**** Source records ****
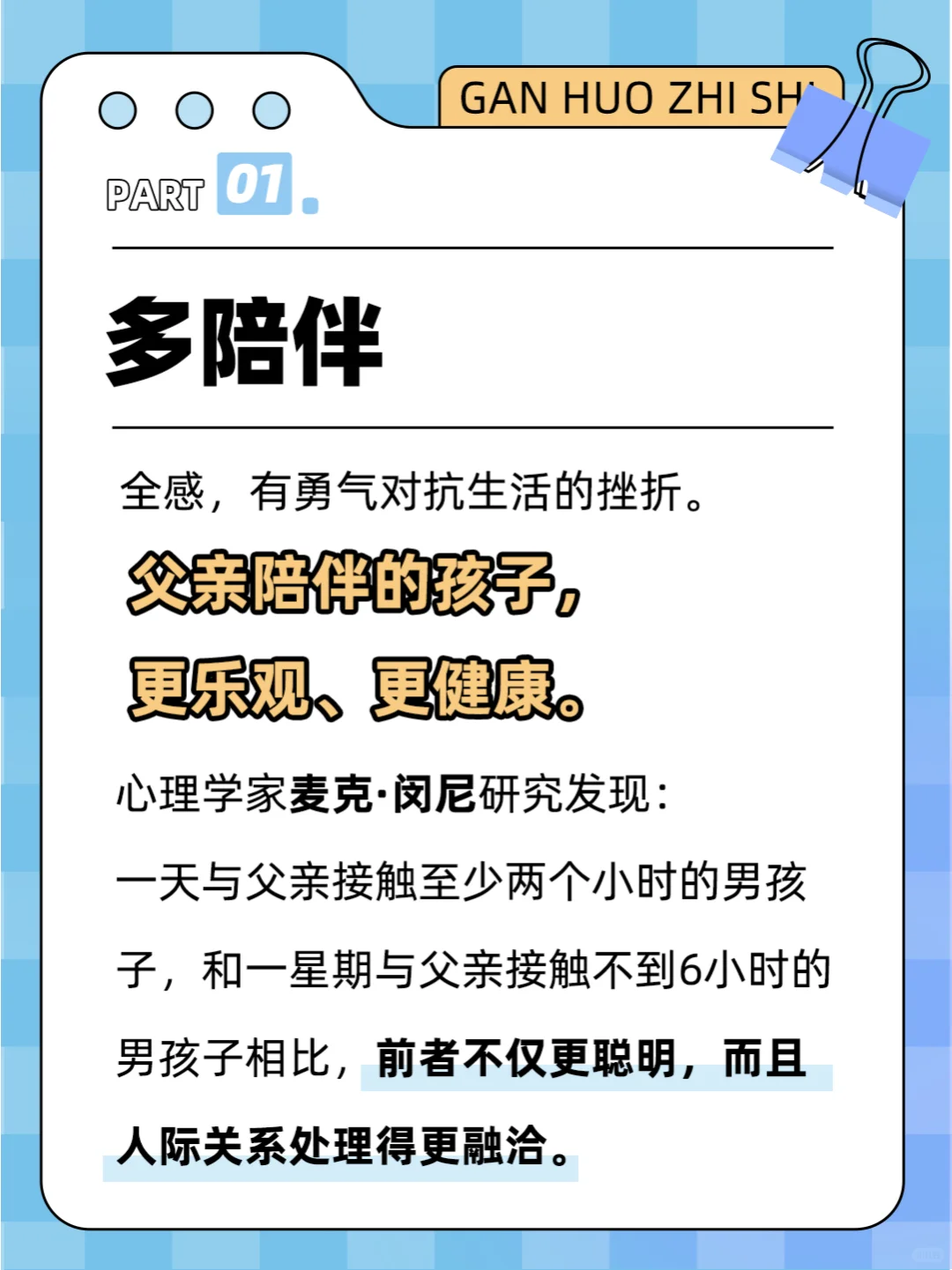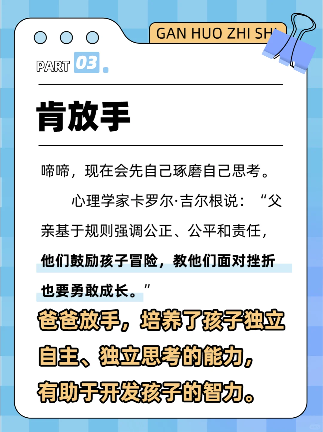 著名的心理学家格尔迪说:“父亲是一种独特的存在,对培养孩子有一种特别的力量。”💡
****
**** Source records ****
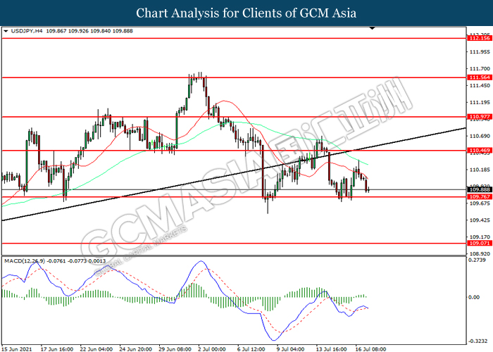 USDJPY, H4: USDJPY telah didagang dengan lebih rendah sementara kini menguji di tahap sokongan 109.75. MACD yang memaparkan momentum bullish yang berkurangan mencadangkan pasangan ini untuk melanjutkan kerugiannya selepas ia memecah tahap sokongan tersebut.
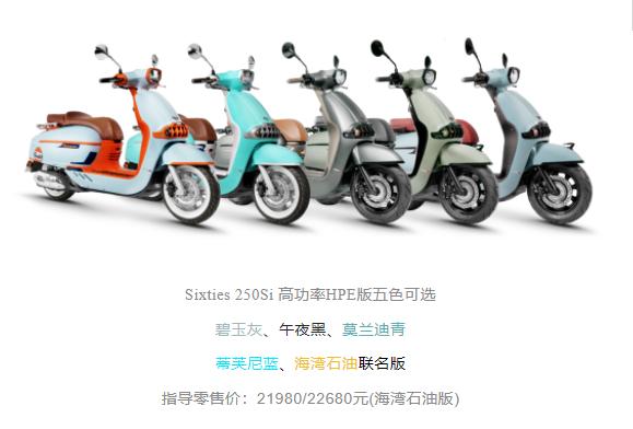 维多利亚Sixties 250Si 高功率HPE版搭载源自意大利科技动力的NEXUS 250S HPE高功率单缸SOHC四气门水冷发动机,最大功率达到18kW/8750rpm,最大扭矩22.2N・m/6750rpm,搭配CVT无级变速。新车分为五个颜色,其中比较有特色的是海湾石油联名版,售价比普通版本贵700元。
****
Exercise description:
Copy exactly the lines of the entries above from the one containing "USDJPY, H4: USDJPY" through the one containing "维多利亚Sixties 250Si 高功率HPE版搭载源自意大利科技动力的NEXUS". Both end lines count; pictures do not.

Solution to this problem:
 USDJPY, H4: USDJPY telah didagang dengan lebih rendah sementara kini menguji di tahap sokongan 109.75. MACD yang memaparkan momentum bullish yang berkurangan mencadangkan pasangan ini untuk melanjutkan kerugiannya selepas ia memecah tahap sokongan tersebut.
 维多利亚Sixties 250Si 高功率HPE版搭载源自意大利科技动力的NEXUS 250S HPE高功率单缸SOHC四气门水冷发动机,最大功率达到18kW/8750rpm,最大扭矩22.2N・m/6750rpm,搭配CVT无级变速。新车分为五个颜色,其中比较有特色的是海湾石油联名版,售价比普通版本贵700元。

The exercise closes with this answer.